Re: Can this do better
You are All great resources for assistance, let me tell you how my boat runs on a typical 1 to 2 ft chop. the finger lakes are almost never flat water and the chop is something I have to deal with all the time. On lake Ontario, it's an inland sea, which sometimes translates into white caps of 4 to 6 feet or long swells of 4 or 5 feet depending on the wind. Either way, I stay at the dock and drink and eventually fall down. It's safer and people will at least find my body.
On a 1 foot chop I can get the boat on plane and run it at 1/4 trim. As I move to 1/2 trim I will start to "porpoise". If I'm alone, I'll deal with a bit of bounce, cause that's what guys do. until one of the tackle boxes pops open. If I have someone in the boat with me I can move then into the bow and stop the porpoising. Here I'm getting about 24-26 mph at about 3500 RPM's.

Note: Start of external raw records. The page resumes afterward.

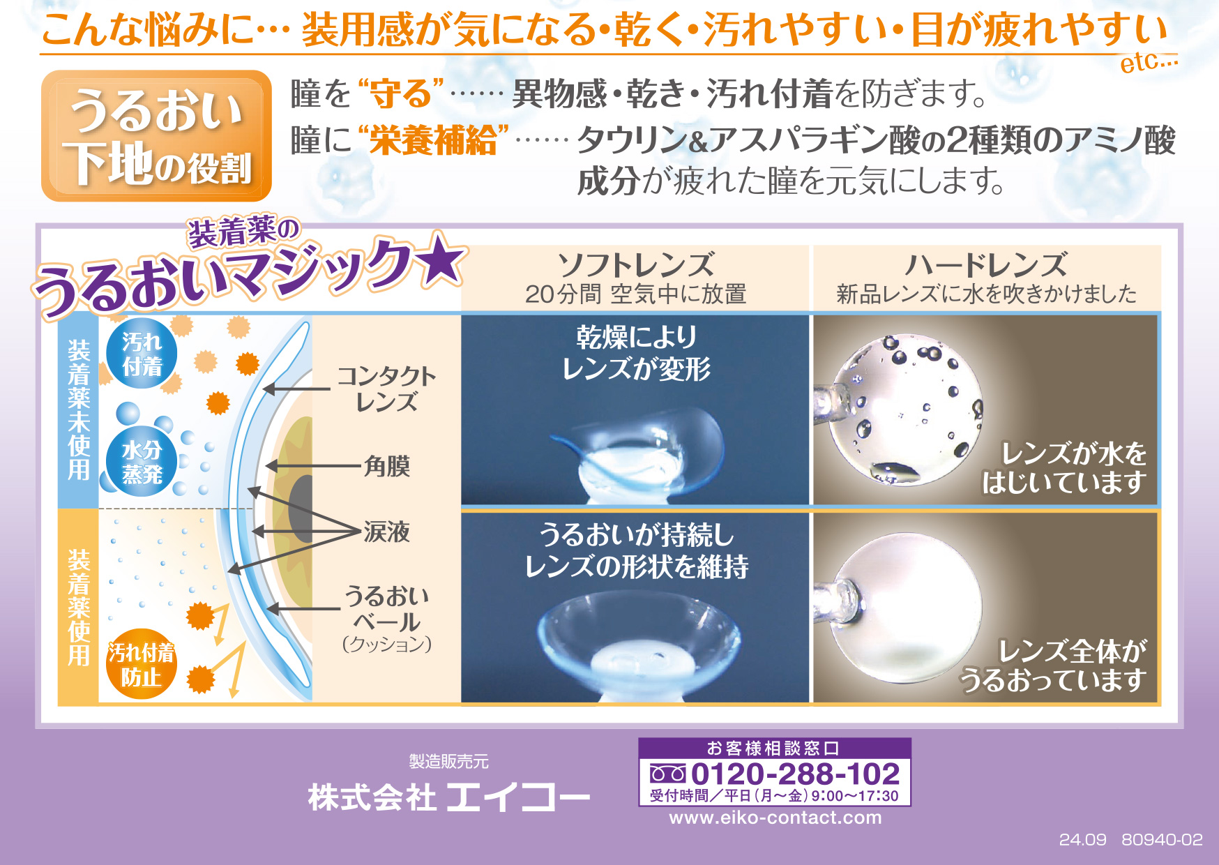 コンタクト乾燥対策・つけ心地改善・汚れ防止・長時間装用・ドライアイ対策・カラコン相性◎といったニーズに最適です。
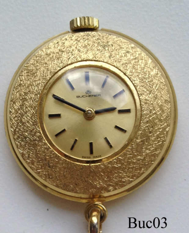 A chainwatch of Bucherer with a long neckchain. There is a nice blue decoration on the back. Signed front: “ Bucherer, Swiss Made”, inside:” Bucherer, Adjusted Three 3 pos., seventeen 17 Jewels, Swiss, FEF 6664”, in the Back: “Bucherer Swiss, 963 4”. Caliber FEF 6664, 21600 Halfbeats.
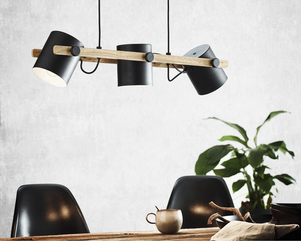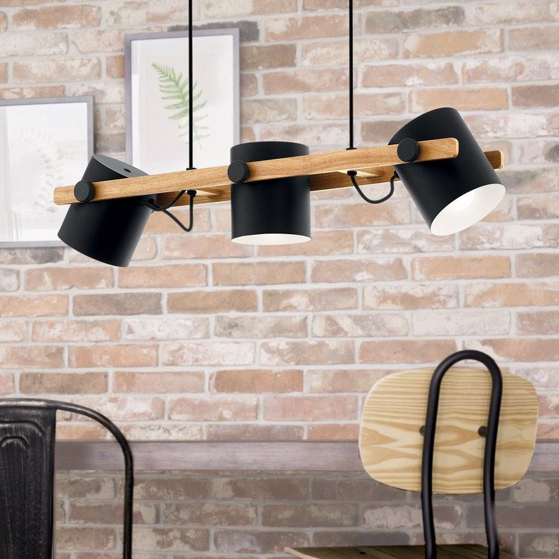 Стилен пендел с три тела в индустриален стил и в цветова комбинация черно и естествено дърво, Eglo серия Hornwood.
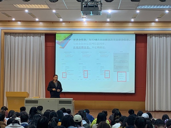 张志超老师向大家详细介绍了云就业系统的主要版块、网上签约流程、网上生涯规划测评、生源信息统计、三方协议发起及推荐表的填写等多项重要内容,并强调了报到证的重要性。

With my hull in a two foot chop, If I go much beyond 3100 rpm's trimmed so I'm on plane the trim meter is somewhere between 0 and 1/4 and I get about 17 or 18 mph as measured by GPS. Faster, than that gets 2500 pounds of boat an people airborne. Pretty to watch, painful to experience.
When I said stern heavy (stern is the back right) I meant that the boat sits in the water real low at the dock, the bilge out flow port is about 2" above the water line. I swear that some days on rough water where I've got the boat trimmed so the bow is riding high so as not to get waves over the bow, that water is coming in through the bilge hose, seems that on those days I dump about 2 or 3 gallons of water out of the boat when I take out the but plug.
I trailer the boat everywhere. Looks like in another month when the ice melts, I'll give some of these suggestions a try. I like that check the marks on the hub and prop for slipping. The engine always seems to run so smooth, never rough, though It does cavitate quite a bit between 500 and 2000 rpms no matter how I trim it.